Top of MATERIAL PROVIDED
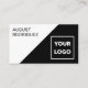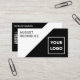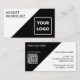 Modern black and white geometric business cards feature your logo on black and your name in black text on white on the front. The back features a customizable QR code, your job title/specialty/company name, and contact information on a reversed black and white colour block pattern to the front. Personalize the QR code with your portfolio or website link and add your logo and text in the sidebar. White, square logos will work best with this design.
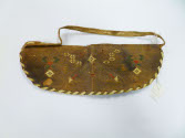 DescriptionDark seal skin pouch. Embroidered. Ivory fob.On View
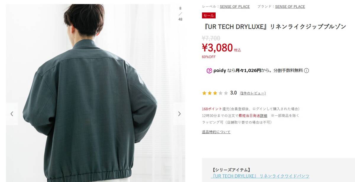 検索窓に右記を入力→『UR TECH DRYLUXE』リネンライクジップブルゾン
Bottom of MATERIAL PROVIDED
> [ABOUT THIS EXERCISE]: Restate, word for word, all of the material above, leaving out the images.

> [TASK SOLUTION]:
 Modern black and white geometric business cards feature your logo on black and your name in black text on white on the front. The back features a customizable QR code, your job title/specialty/company name, and contact information on a reversed black and white colour block pattern to the front. Personalize the QR code with your portfolio or website link and add your logo and text in the sidebar. White, square logos will work best with this design.
 DescriptionDark seal skin pouch. Embroidered. Ivory fob.On View
 検索窓に右記を入力→『UR TECH DRYLUXE』リネンライクジップブルゾン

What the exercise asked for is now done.